▶ Description of the task: Among the lines below, take the one holding "b/w postcard of", the one holding "Bold and fun, this", and all lines between them. Set them down exactly.

▶ Exercise input:
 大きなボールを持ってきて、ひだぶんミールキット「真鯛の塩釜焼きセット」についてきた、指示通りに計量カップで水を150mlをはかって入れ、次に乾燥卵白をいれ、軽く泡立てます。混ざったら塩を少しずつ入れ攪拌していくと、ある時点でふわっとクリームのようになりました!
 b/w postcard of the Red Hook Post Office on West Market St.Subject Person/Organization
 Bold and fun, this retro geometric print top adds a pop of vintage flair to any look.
==
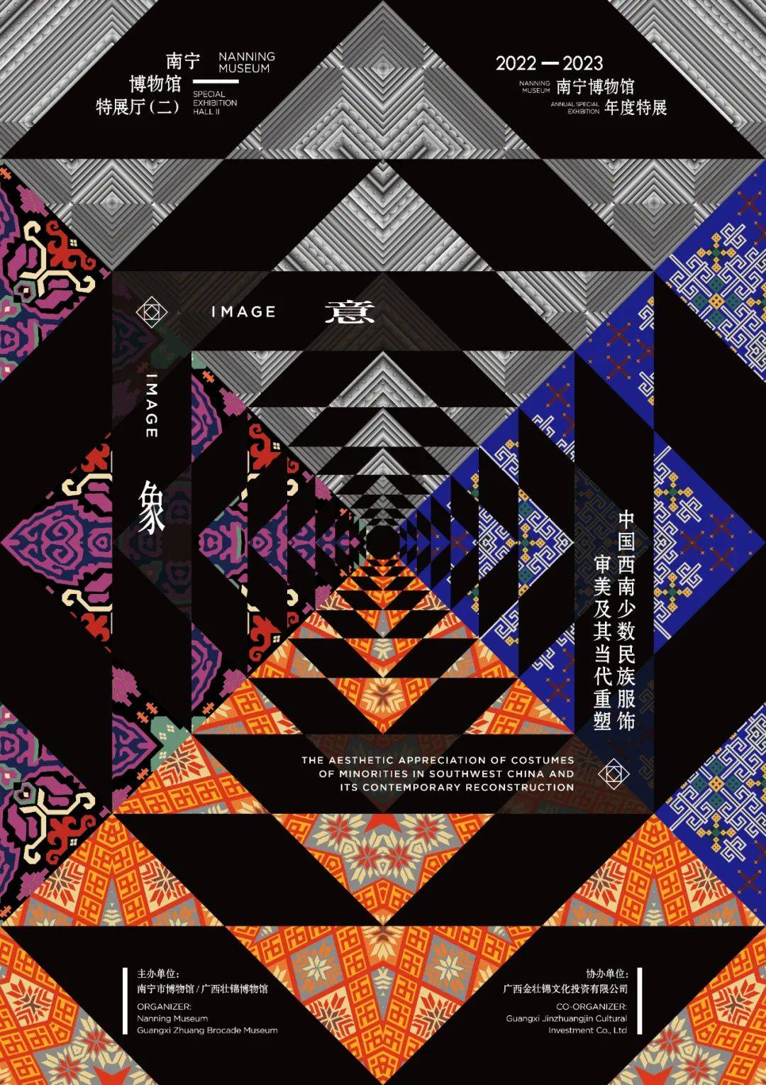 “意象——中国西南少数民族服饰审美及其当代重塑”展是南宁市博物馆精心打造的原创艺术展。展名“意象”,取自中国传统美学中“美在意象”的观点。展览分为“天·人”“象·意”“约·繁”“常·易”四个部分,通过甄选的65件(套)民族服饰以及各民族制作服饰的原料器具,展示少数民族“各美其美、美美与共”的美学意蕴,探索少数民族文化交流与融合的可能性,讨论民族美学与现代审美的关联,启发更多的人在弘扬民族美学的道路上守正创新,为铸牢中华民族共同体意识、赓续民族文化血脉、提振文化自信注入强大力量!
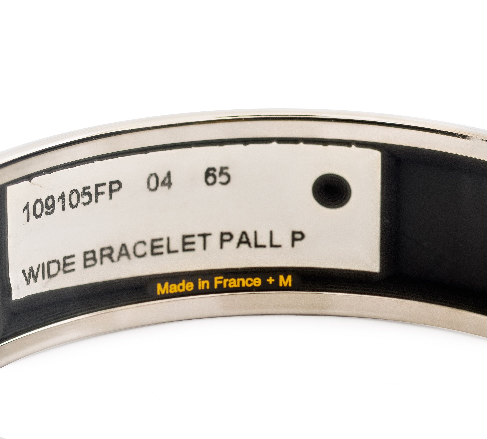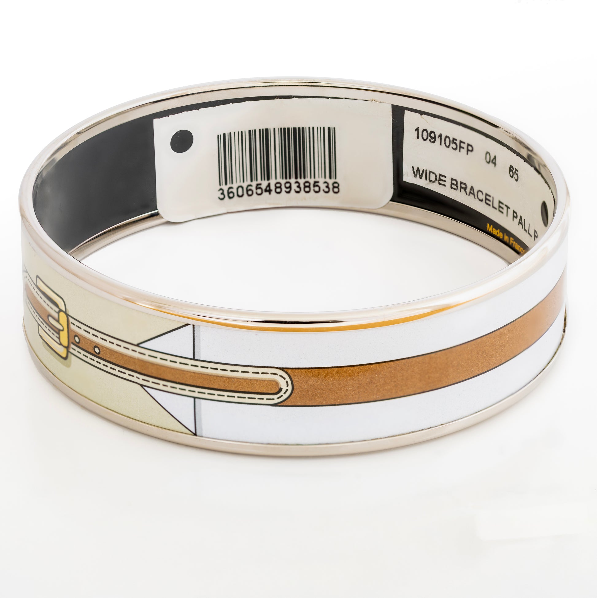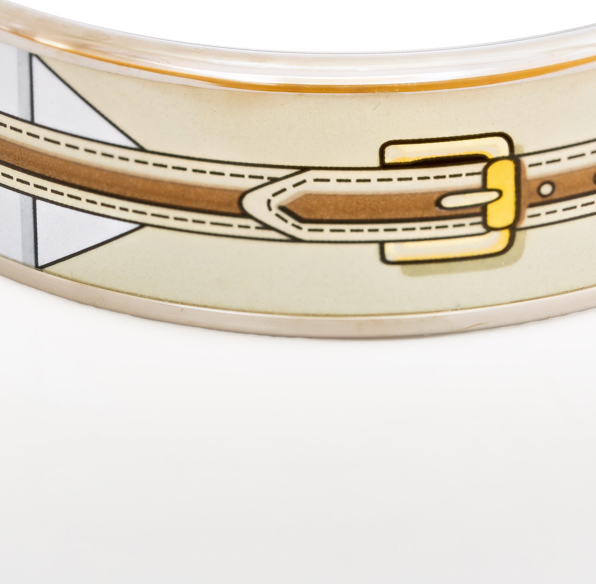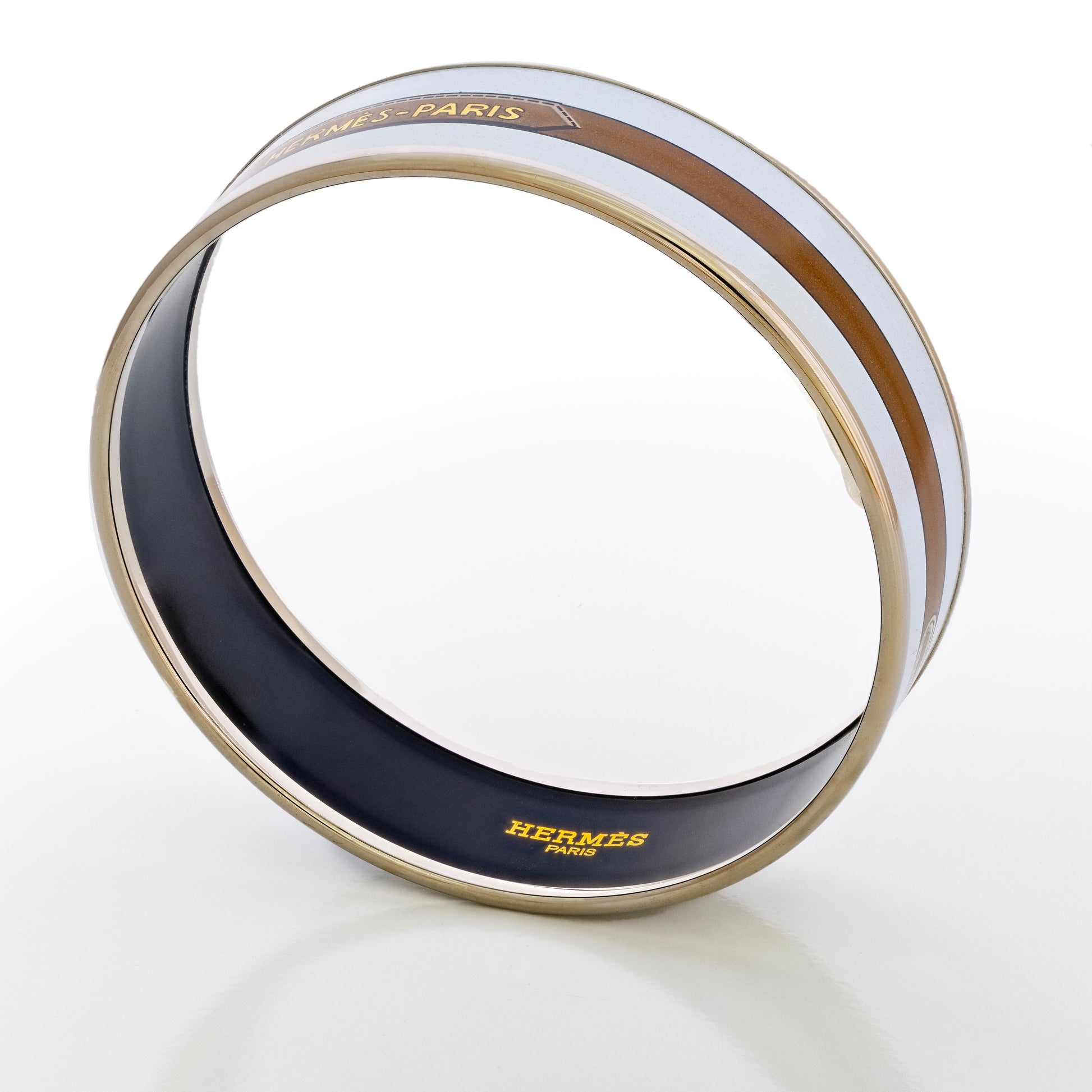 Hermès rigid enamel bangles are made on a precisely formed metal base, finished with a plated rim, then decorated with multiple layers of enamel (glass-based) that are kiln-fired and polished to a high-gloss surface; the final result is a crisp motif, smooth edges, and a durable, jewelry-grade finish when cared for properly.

▶ Task response:
 b/w postcard of the Red Hook Post Office on West Market St.Subject Person/Organization
 Bold and fun, this retro geometric print top adds a pop of vintage flair to any look.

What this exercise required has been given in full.